Emit a verbatim copy of the lines below from the line with "통증관리부터 건식, 아로마 등 금액도 다른곳에" through the line with "Du 15 au 19", excluding pictures and everything outside that range.

▸ Data to use:
[Start of Attachment]

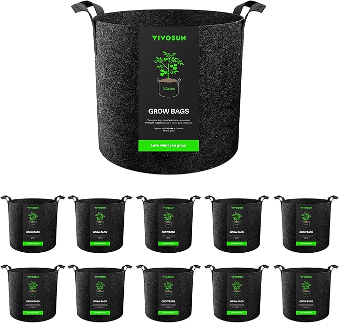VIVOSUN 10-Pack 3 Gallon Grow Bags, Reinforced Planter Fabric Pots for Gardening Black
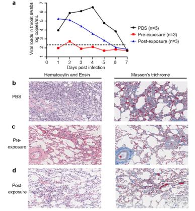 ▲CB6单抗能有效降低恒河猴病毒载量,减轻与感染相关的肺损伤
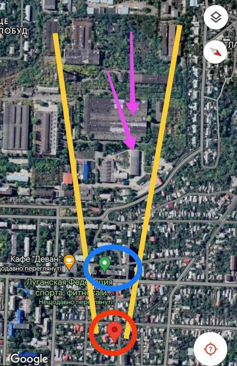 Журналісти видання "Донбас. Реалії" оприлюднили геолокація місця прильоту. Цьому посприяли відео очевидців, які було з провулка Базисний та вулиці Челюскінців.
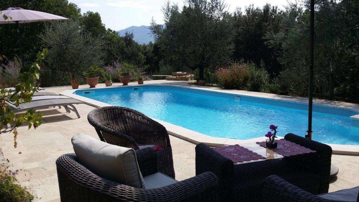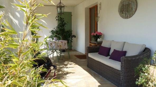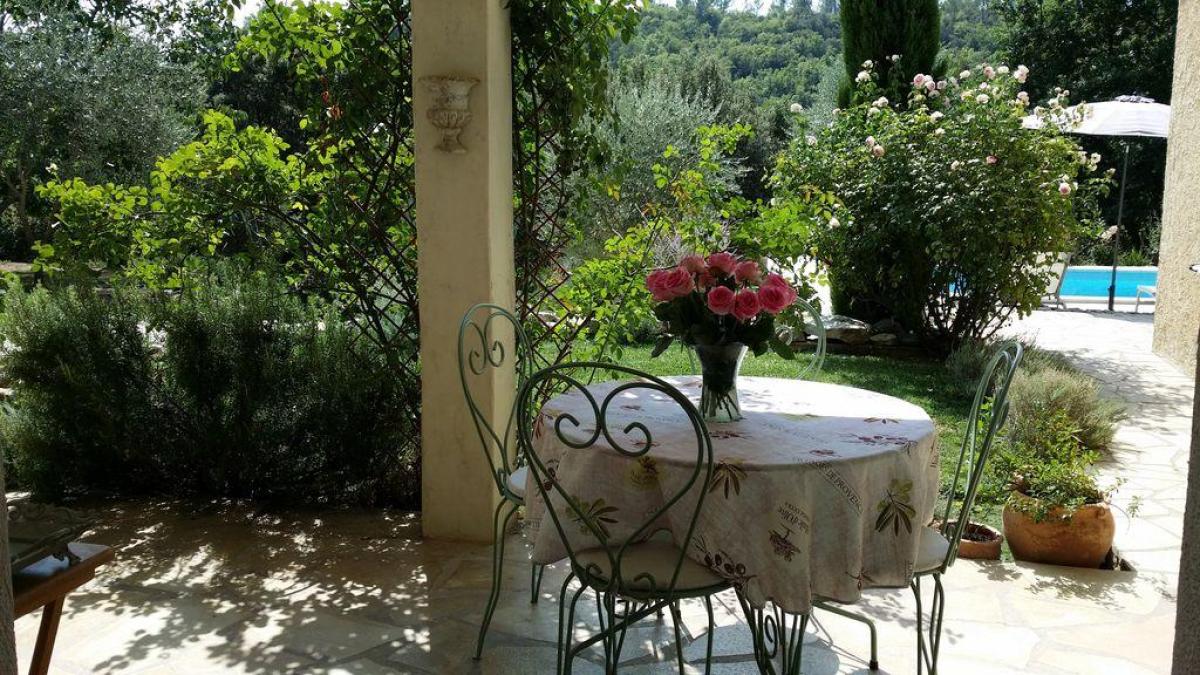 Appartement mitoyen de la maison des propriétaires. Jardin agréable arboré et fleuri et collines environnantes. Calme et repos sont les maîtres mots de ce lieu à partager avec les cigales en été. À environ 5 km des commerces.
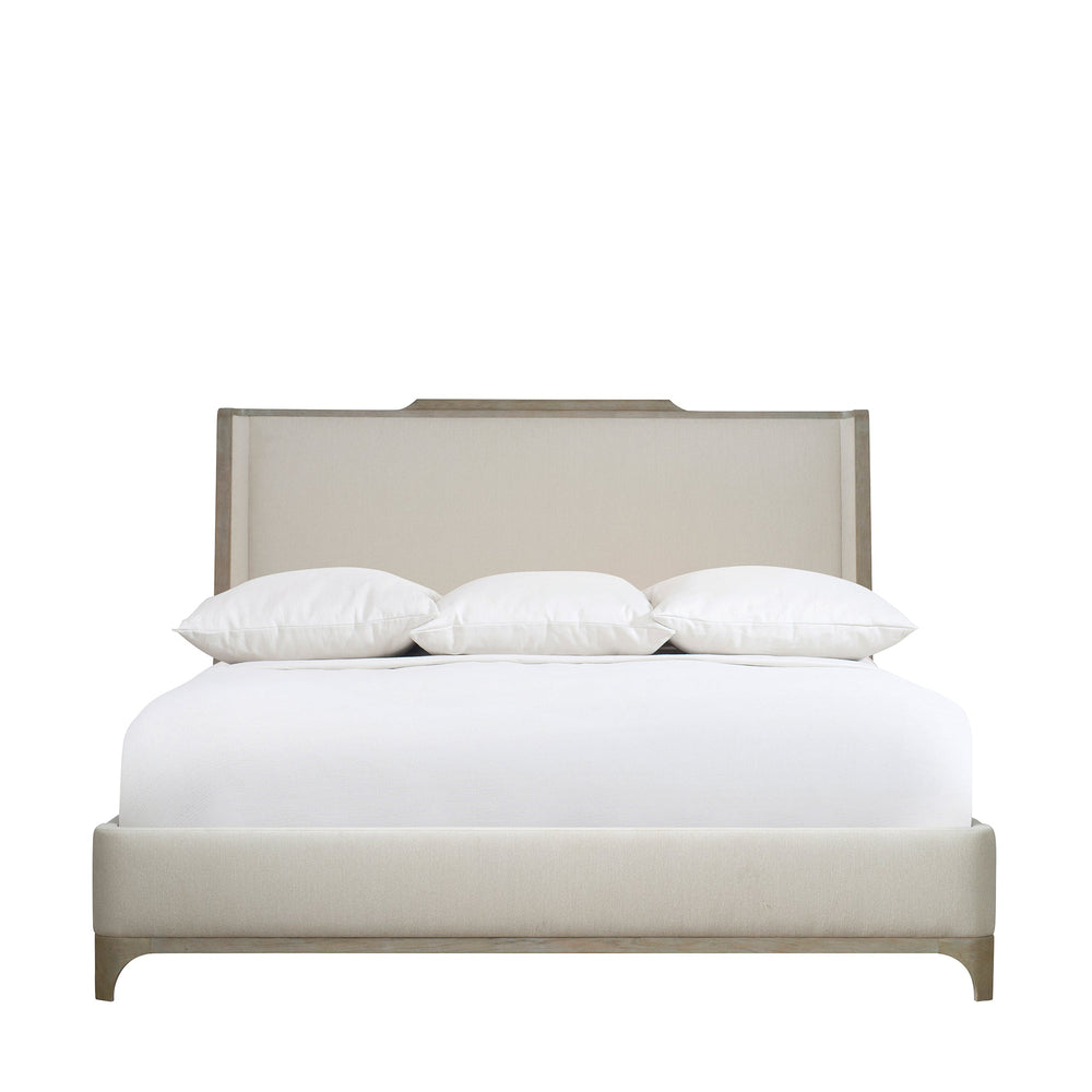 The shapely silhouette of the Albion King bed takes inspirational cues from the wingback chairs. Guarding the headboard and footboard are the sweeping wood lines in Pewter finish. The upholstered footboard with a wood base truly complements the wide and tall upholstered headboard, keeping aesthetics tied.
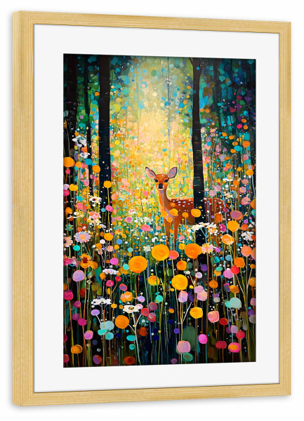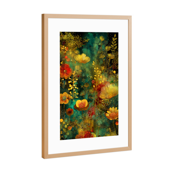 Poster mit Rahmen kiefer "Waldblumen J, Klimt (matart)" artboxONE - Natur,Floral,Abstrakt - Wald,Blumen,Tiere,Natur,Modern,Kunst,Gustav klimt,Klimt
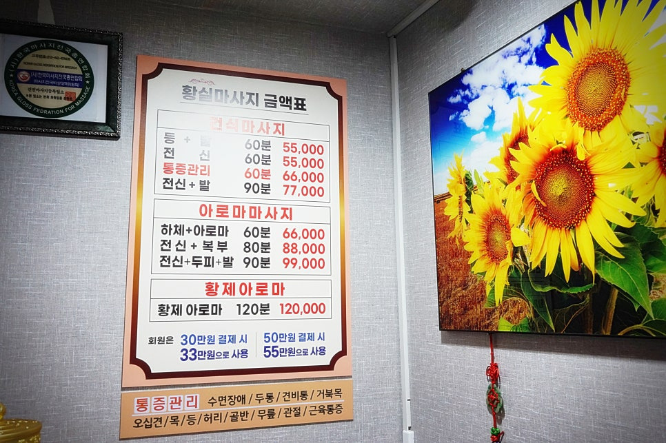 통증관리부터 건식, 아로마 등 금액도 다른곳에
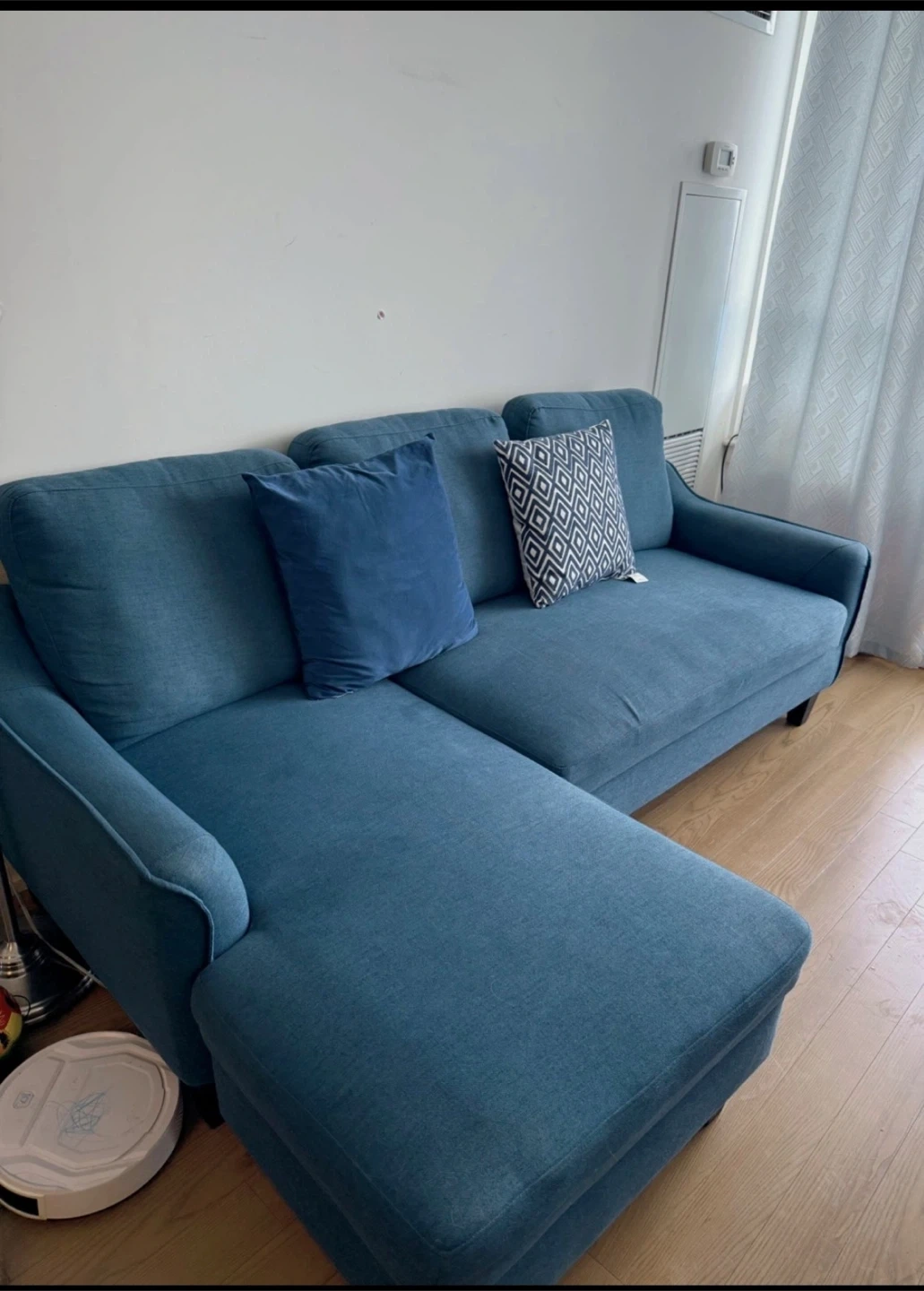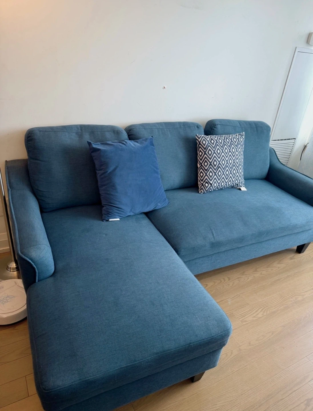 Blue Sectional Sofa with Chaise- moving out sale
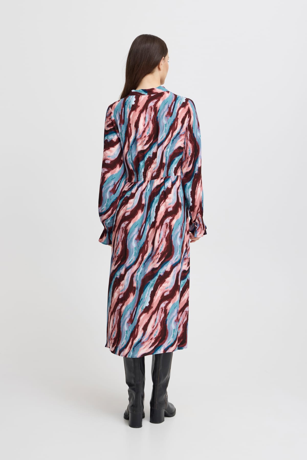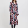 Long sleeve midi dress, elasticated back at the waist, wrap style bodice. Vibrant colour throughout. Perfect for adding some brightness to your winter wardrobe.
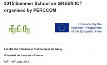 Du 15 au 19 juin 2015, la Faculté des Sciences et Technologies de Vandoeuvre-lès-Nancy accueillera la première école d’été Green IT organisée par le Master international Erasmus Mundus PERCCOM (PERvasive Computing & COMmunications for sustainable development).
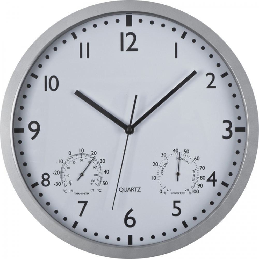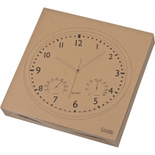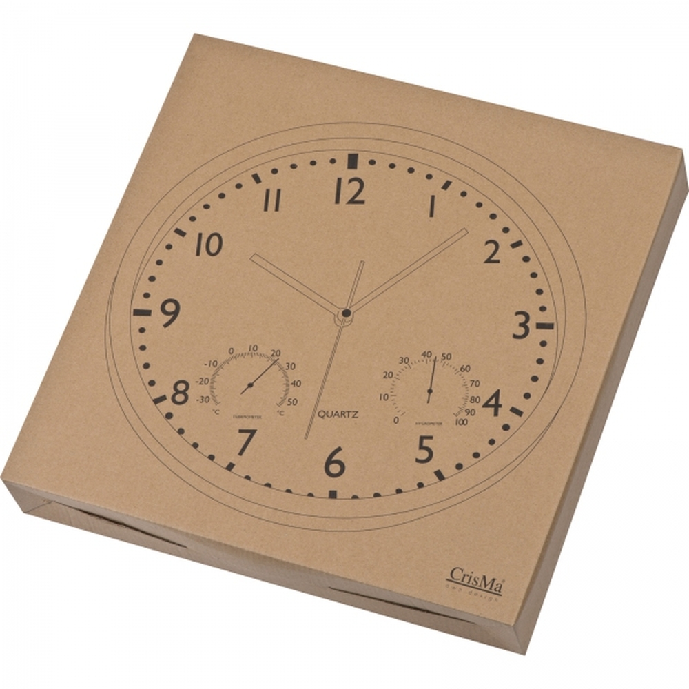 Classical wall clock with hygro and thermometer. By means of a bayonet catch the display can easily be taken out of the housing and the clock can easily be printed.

[End of Attachment]

▸ Reply to the exercise:
 통증관리부터 건식, 아로마 등 금액도 다른곳에
 Blue Sectional Sofa with Chaise- moving out sale
 Long sleeve midi dress, elasticated back at the waist, wrap style bodice. Vibrant colour throughout. Perfect for adding some brightness to your winter wardrobe.
 Du 15 au 19 juin 2015, la Faculté des Sciences et Technologies de Vandoeuvre-lès-Nancy accueillera la première école d’été Green IT organisée par le Master international Erasmus Mundus PERCCOM (PERvasive Computing & COMmunications for sustainable development).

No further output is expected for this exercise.